> What is expected
Under this line sits a listing. Repeat exactly and only its lines from the one holding "In 2015, the" through the one holding "SBSグループのロゴマークを"; skip pictures.

> Dataset entries
──────────
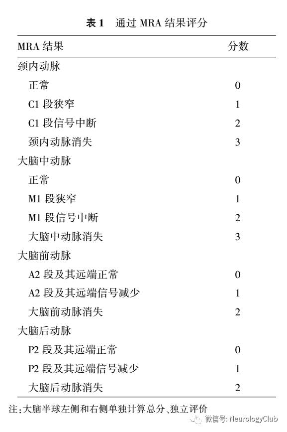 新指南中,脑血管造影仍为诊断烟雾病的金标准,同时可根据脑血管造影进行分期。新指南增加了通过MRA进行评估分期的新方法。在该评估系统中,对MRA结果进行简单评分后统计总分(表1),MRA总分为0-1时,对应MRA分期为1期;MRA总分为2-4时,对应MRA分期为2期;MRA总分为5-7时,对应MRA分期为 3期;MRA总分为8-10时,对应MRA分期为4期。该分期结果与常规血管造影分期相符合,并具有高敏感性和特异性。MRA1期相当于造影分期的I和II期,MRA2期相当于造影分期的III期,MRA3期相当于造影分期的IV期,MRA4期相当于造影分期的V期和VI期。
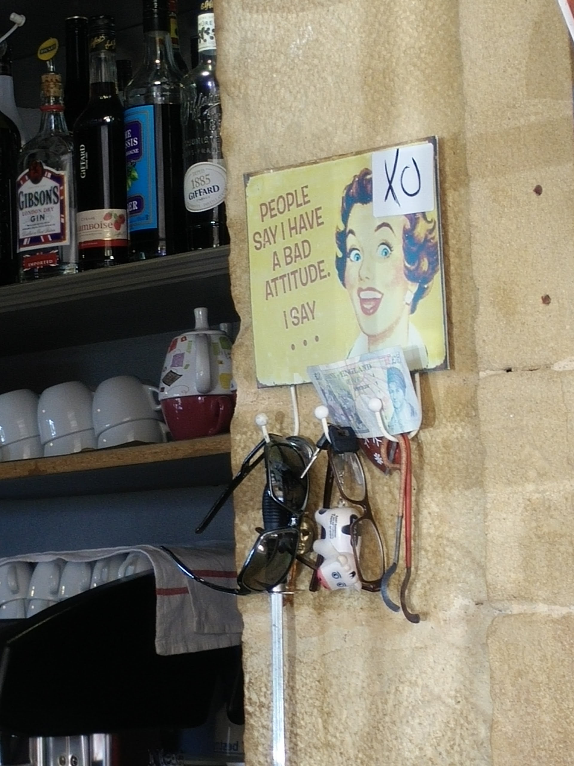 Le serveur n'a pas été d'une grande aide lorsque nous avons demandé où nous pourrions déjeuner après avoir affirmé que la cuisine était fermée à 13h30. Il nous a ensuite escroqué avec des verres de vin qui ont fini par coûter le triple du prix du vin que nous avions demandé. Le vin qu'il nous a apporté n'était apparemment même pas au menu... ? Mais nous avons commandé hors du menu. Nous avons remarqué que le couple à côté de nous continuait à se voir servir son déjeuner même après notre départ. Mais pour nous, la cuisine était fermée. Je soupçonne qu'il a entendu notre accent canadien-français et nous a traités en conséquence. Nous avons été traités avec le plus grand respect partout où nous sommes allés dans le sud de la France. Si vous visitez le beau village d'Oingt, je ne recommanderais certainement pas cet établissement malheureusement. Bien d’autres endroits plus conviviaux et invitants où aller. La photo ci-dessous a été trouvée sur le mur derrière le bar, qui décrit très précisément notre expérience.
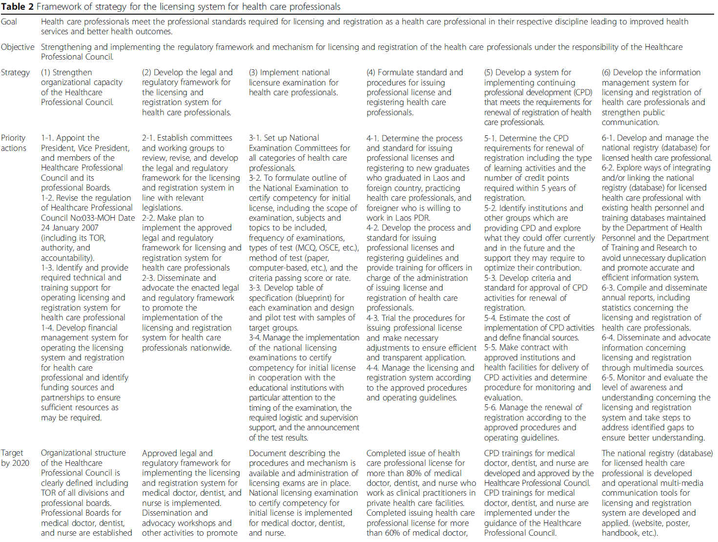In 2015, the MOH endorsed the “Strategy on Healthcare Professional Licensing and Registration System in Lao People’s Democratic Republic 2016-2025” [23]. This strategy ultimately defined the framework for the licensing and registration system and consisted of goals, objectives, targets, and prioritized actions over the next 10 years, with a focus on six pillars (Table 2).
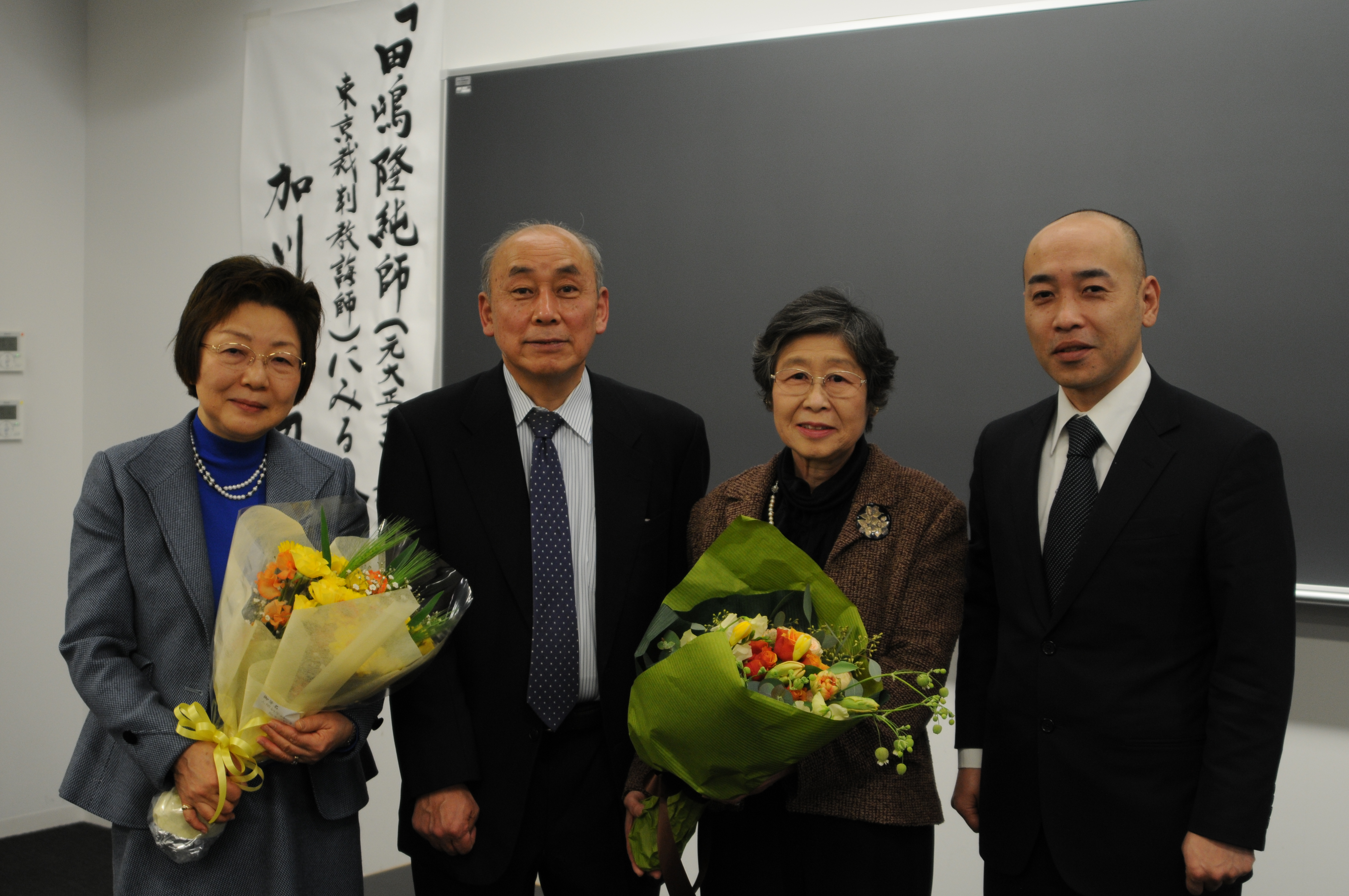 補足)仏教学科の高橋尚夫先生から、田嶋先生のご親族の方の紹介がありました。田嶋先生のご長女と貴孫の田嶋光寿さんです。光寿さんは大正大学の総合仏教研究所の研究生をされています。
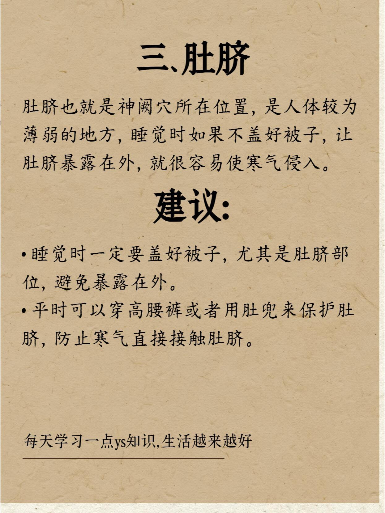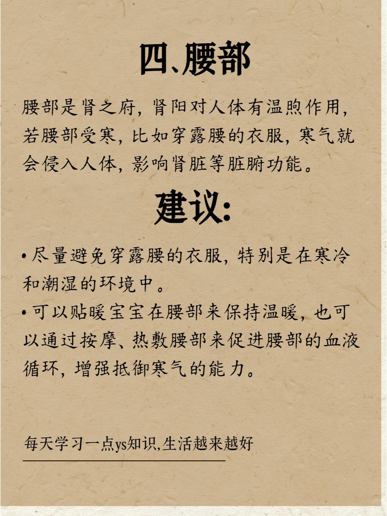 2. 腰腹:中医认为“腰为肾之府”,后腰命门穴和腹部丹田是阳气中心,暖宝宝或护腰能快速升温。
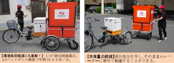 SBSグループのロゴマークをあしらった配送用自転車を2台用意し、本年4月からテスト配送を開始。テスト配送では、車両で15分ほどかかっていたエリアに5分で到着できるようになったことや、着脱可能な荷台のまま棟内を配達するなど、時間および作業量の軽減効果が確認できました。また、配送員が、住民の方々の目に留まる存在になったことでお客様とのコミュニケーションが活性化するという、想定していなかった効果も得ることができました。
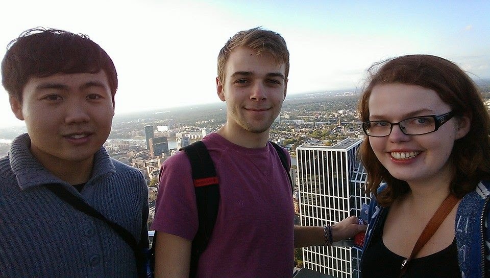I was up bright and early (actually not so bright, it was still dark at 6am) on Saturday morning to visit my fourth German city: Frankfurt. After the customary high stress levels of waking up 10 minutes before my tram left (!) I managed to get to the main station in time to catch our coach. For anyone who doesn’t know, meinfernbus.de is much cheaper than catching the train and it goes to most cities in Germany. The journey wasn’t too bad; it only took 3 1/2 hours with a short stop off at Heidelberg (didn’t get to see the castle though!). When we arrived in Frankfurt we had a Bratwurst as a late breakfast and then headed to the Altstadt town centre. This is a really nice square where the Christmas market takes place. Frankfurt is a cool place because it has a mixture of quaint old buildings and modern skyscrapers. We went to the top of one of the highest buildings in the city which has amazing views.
──────────
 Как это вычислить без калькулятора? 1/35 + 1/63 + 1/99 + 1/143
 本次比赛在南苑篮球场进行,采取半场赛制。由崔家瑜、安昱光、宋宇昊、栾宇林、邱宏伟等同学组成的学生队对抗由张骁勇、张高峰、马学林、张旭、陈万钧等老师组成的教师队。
──────────
> Output
In 2015, the MOH endorsed the “Strategy on Healthcare Professional Licensing and Registration System in Lao People’s Democratic Republic 2016-2025” [23]. This strategy ultimately defined the framework for the licensing and registration system and consisted of goals, objectives, targets, and prioritized actions over the next 10 years, with a focus on six pillars (Table 2).
 補足)仏教学科の高橋尚夫先生から、田嶋先生のご親族の方の紹介がありました。田嶋先生のご長女と貴孫の田嶋光寿さんです。光寿さんは大正大学の総合仏教研究所の研究生をされています。
 2. 腰腹:中医认为“腰为肾之府”,后腰命门穴和腹部丹田是阳气中心,暖宝宝或护腰能快速升温。
 SBSグループのロゴマークをあしらった配送用自転車を2台用意し、本年4月からテスト配送を開始。テスト配送では、車両で15分ほどかかっていたエリアに5分で到着できるようになったことや、着脱可能な荷台のまま棟内を配達するなど、時間および作業量の軽減効果が確認できました。また、配送員が、住民の方々の目に留まる存在になったことでお客様とのコミュニケーションが活性化するという、想定していなかった効果も得ることができました。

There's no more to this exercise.